In her statement, Rudolph lists the following factors as reasons for the increase:
- “Once we had final design drawings for the facility, we were able to more fully develop the aquatics program and determine the appropriate level of lifeguards to meet safety sightlines for maximum utilization of the four pool areas while maintaining industry standards. As a result, the estimated cost of lifeguards increased.”
- “The current projections assume full staffing by maintenance during each hour of pool operation. We are not sure that this will be the final approach. This added considerable cost.”
- “The projected revenue in the November estimate is less than that included in the 2012 CIP. We have researched similar facilities, looked at the attendance data, and came to a conservative approach to our revenue projections for membership, daily passes, and rentals. We hope that this strategy enables us to be pleasantly surprised when we open our doors to the community.”
The county plans to continue reviewing the costs and service levels for the facility over the next two years. The tax support estimates cover costs both for the indoor aquatic and fitness center and for the eight acres of new outdoor parkland.
“Remember, these are projections for a given point in time and the numbers will still be refined,” said Rudolph. “I do want to reiterate that the numbers published in November are a forecast.
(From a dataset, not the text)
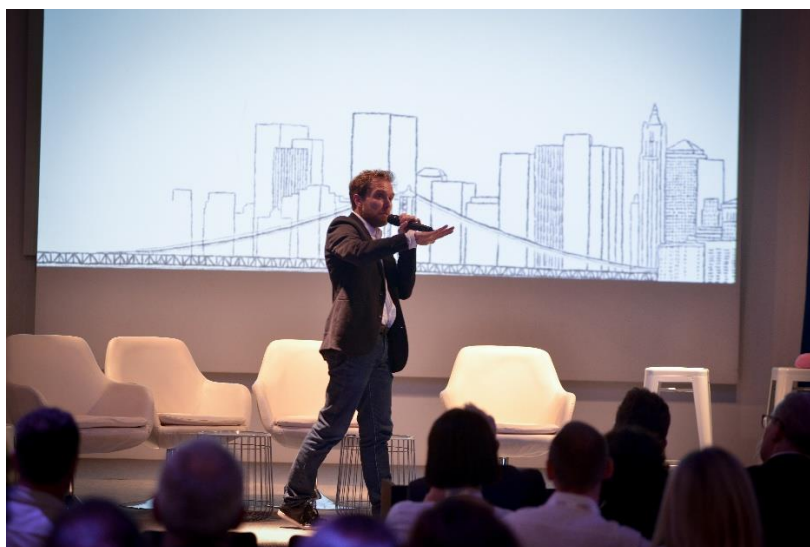
Assises Régionales des EDC (Entrepreneurs et Dirigeants Chrétiens), mai 2021, Palais des Congrès du Puy-en-Velay.

We will continue to refine our programming and scrub our numbers to ensure that we operate the facility at its most cost-efficient level while still providing a high quality experience for our patrons.”
So far, none of the bond funds authorized for the facility by voters in 2012 have been spent. In early 2014, the County Board is expected to be presented with a more refined range of operating budgets and a request to award a contract.
The facility is expected to take four years to “realize its full expenses and revenues” after it opens in 2016.